Professor Stephen Hawking joked that England need a European referee to cope with "ballerinas" like Luis Suarez as he presented a light-hearted analysis of how Roy Hodgson's men can prosper at this summer's World Cup.
Hawking said the heat, altitude and distance from home could all scupper England's chances but thinks European officials would assist them as they seek to progress from a group containing Italy, Uruguay and Costa Rica.
Setting out his analysis, Prof Hawking said: "Ever since the dawn of civilisation, people have not been content to see events as unconnected and inexplicable. They have craved an understanding of the underlying order in the world. The World Cup is no different."
He added that England's chances of success could be worked out by examining "environmental, physiological, psychological, political and tactical variables."
"Statistically England's red kit is more successful and we should play 4-3-3 rather than 4-4-2," he said. "Psychologists in Germany found red makes teams feel more confident and can lead them to being perceived as more aggressive and dominant. Likewise, 4-3-3 is more positive so the team benefits for similar psychological reasons.
"The data shows we also need to hope for a European referee. European referees are more sympathetic to the English game and less sympathetic to ballerinas like Suarez.
"Like all animals, the England team are creatures of habit. Being closer to home reduces the negative impact of cultural differences and jetlag. We do better in temperate climates, at low altitudes with kick-off as close to the normal three o'clock as possible.
"The impact of environmental factors alone is quite staggering. A 5 degrees C rise in temperature reduces our chances of winning by 59 percent. We are twice as likely to win when playing below 500 metres above sea level. And our chances of winning improve by a third when kicking off at three o'clock local time."
England exited the World Cups in 1990, 1998 and 2006 -- as well as Euro 96, Euro 2004 and Euro 2012 -- after losing penalty shootouts, but Prof Hawking has also come up with "a formula for the perfect penalty," adding: "As we say in science, England couldn't hit a cow's arse with a banjo."
He said the key to success was a run-up of more than three steps and giving the ball "some welly," although he stressed that "velocity is nothing without placement."
He said: "If only I had whispered this in Chris Waddle's ear before he sent the ball into orbit in 1990. Use the side foot rather than laces and you are 10 percent more likely to score.

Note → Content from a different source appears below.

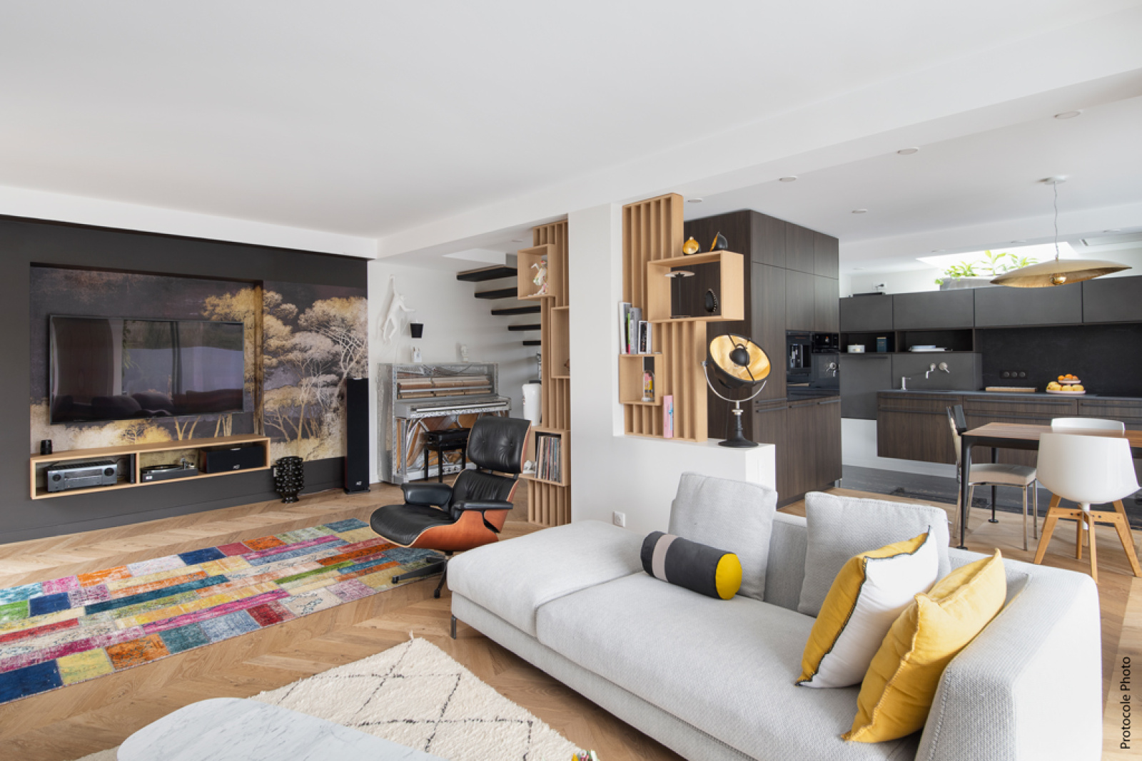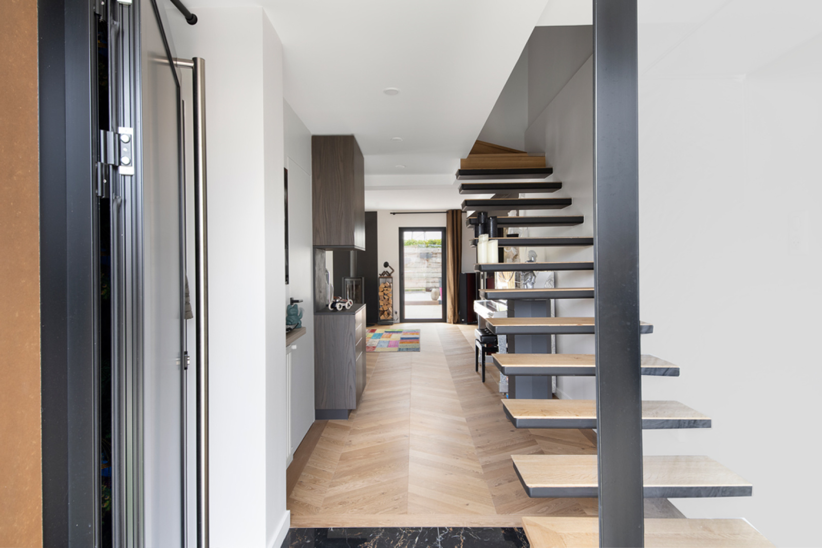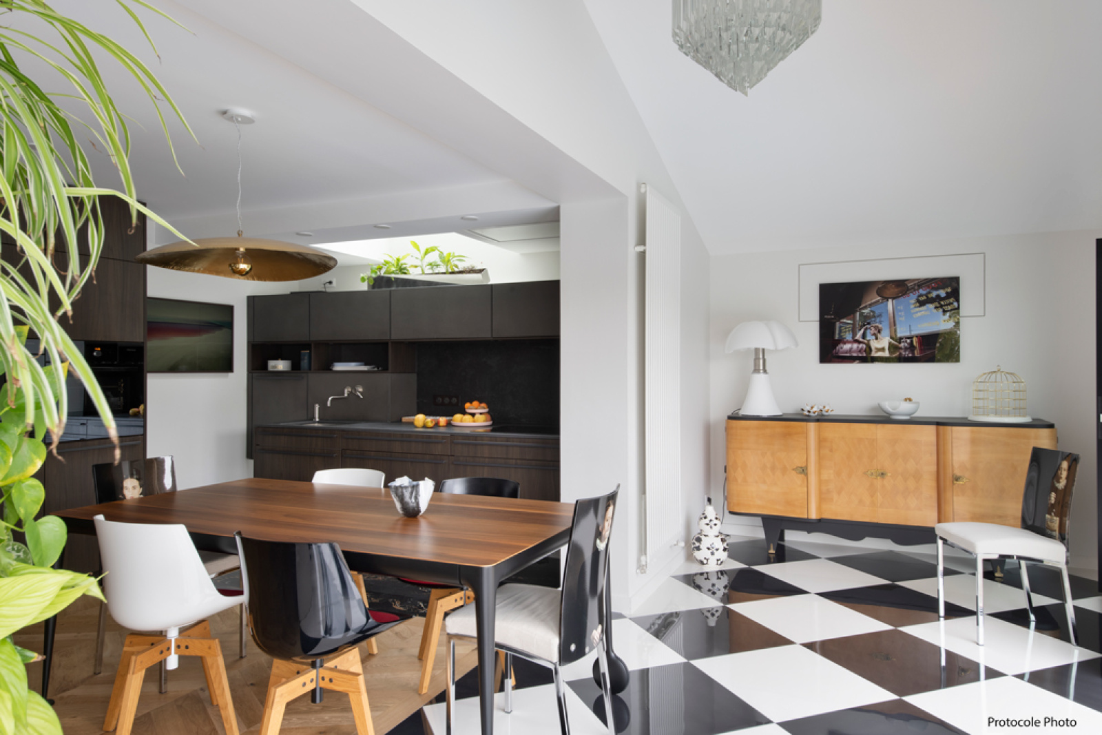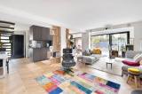La villa se compose en RDC d'une entrée avec dressing et WC japonais, un salon/séjour de 80 m2 avec cuisine aménagée sur mesure de marque LEICHT haut de gamme, entièrement équipée avec des appareils électoménagers de marque : four multifonction à vapeur et cafetière intégrée V-ZUG, frigidaire congélateur LIEBHERR, lave-vaisselle MIELE, plaque induction et hotte NOVY + une suite parentale de 35 m2 offre l'accès direct aux terrasses, un dressing aménagé, une magnifique SDE avec douche italienne + une pièce magnifique de 35 m5 communicante, servant actuellement de local professionel avec coin laverie-cuisine et WC avec son entrée indépendante et son jardinet privé + un garage de 25 m2 avec mezzanine et buanderie. Les parquets sont en bois chêne massif italien LISTONE GIORDANO, ainsi que l'escalier design montant à l'étage.

"The statistics confirm the obvious. Place the ball in the top left or right hand corner for the best chance of success -- 84 percent of penalties in those areas score. The ability of strikers to place the ball results in them being more likely to score than midfielders and defenders.
"There is no evidence that it's advantageous to be left- or right-footed but bald players and fair-haired players are more likely to score. The reason for this is unclear. This will remain one of science's great mysteries."